Every year before Puja, Kolkata wakes up to its full potential
Kolkata likes to sleep because it likes to dream. But come a few weeks before Puja and the City of Joy wakes up to its full potential. As idolmakers and pandal-builders toil around the clock, stores that are usually shuttered before 9pm stay open till midnight. New Market, Gariahat, Hatibagan and the other shopping hubs of the city prattle and pounce, with more bargains in the air than rain. The Metro stations acquire their own rustle, with little embellishments distinguishing one from the other. I implore my local phuchkawalla, mobbed by foodies in every direction, for an extra serving. “Rama was willing to give an eye for Ma Durga and you can’t give me an extra phuchka!” I bark in Bengali. Amidst a sea of hands, he relents.
Even the cold neighbours put on a layer of kindness ahead of Puja, plastering a smile instead of the “I-don’t-care-about-your-life” glare that covers their faces for the rest of the year. “How many clothes did you buy?” becomes tiring to answer, but not when the answer changes every three days. Plans are made, cancelled and remade as WhatsApp groups go into overdrive. In between wrapping up professional deadlines (exams were easier, at least you could pretend they were not important) and rekindling personal equations, the heart throbs with excitement every time the eyes catch the date and find it one day closer to the promised land.

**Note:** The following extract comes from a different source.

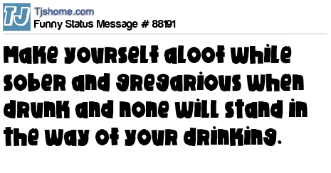 X says Make yourself aloof while sober and gregarious when drunk and none will stand in the way of your drinking.

The week of almost-readiness between Mahalaya and Sashthi
Perhaps my favourite part of Puja is the week or so that separates Mahalaya and Sashthi. It is the time when an old friend (or flame, or both!) suddenly shows up in town. When a Puja bonus is the only thing on my account’s credit sheet. When I quietly resolve to not make my intestines plead for mercy. It is the time when Puja is here but not quite, with everything around me in a state of almost-readiness, on the verge of transforming Kolkata into an endless amusement park. It is also the time when I put the final touches to my Puja schedule, before it is invariably pulled apart by traffic, tantrums and the trepidation of trying to pack a lifetime of memories into four sleepless days.

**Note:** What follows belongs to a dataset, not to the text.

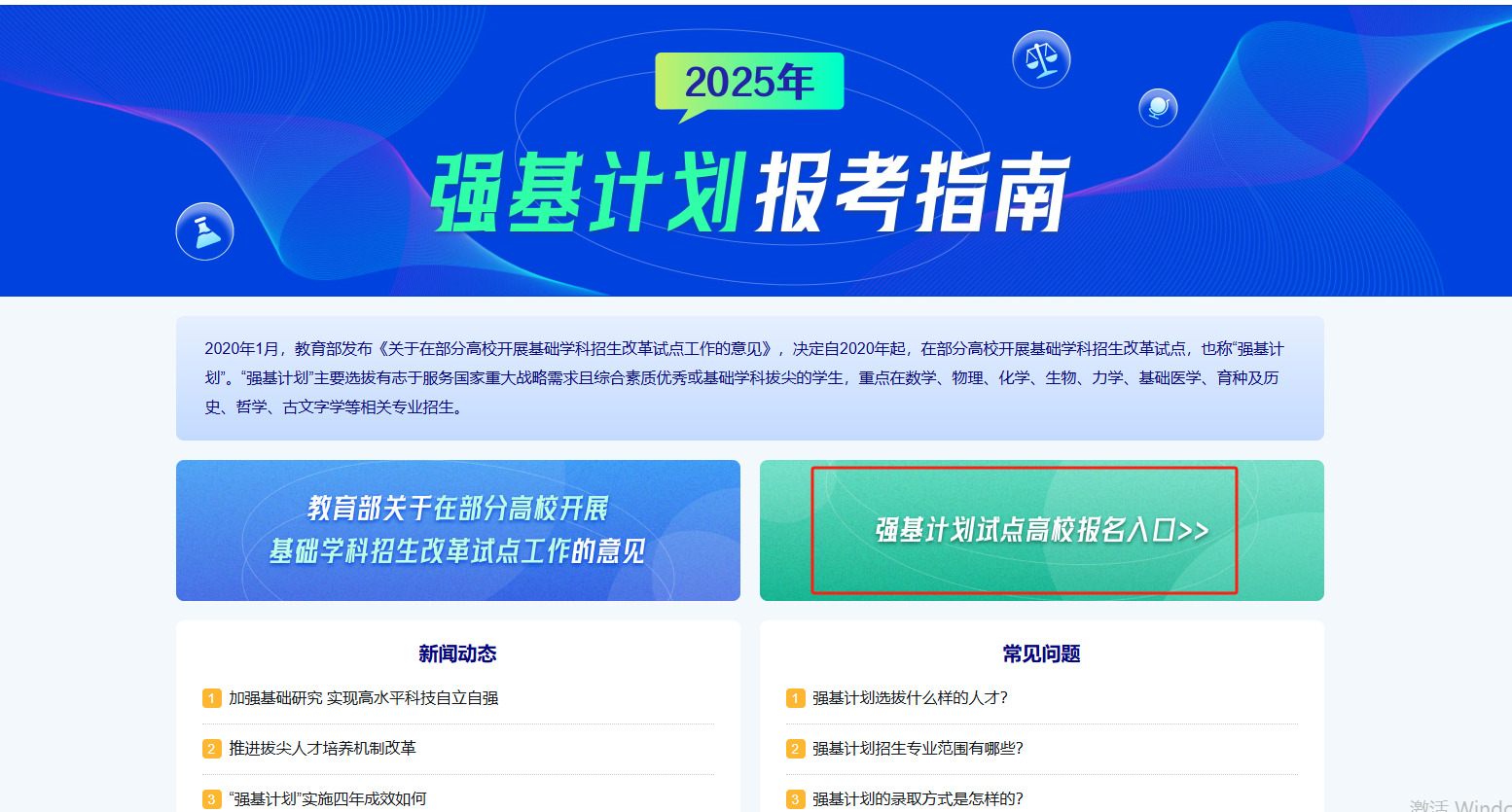 1.注册报名:强基计划报名平台为教育部阳光高考平台:https://gaokao.chsi.com.cn

I enjoy this build-up to Puja the way I enjoy re-reading my favourite novel. I know the familiar script that lies ahead, but everytime I embark on it, I crave to discover something new, not least about myself. I remind myself of 2019 and 2020, the only two years I was not in Kolkata during the days when Kolkata, of all places in the world, is the place to be. I reassure myself that even if I miss the next Puja, I will always have this year. Just like all the previous years when every Puja arrived with the hope that it will be bigger and better than ever before.
Waiting for next year
Another special aspect of waiting for Puja is contemplating the face of Durga that will strike me the most. Every year, there is at least one Durga, of the hundreds I see in person or online, that seems to peer into my soul. The splayed arms and the exquisite costume recede into the background as, for a few stretchable seconds, Durga remains neither a warrior nor a mother, but a unique woman with her unique story. Be it sheer ferocity or sheer compassion, delight, despair or duty, I take back with me a new way of understanding Durga every year. A way that helps me appreciate my mother, sister, lover, friend, colleague, or even a wistful stranger on a familiar route in a way I had not before. I wonder what it will be in 2023 that makes me ignore everything else and stare into the eloquent eyes of an idol that did not exist a few weeks back and will not exist a few weeks hence.
Ultimately, the wait for Durga Puja is almost as fun as Puja itself because the emptiness of pandals and hearts is still a long way off. At least as long as a few dozen hours of unfettered celebration can feel. After all, once the sandhi puja on Ashtami is done and bisarjan is only a whirl of drumbeats away, the idea of what is starts fading into what might have been. The mind starts moving on to next year, waiting anew for Durga and her retinue to bring heaven on earth. Such a wait is longer, harder and much less fun. Sometimes you forget you are waiting at all. Until you can smell a particular month. Until you can smell Durga Puja.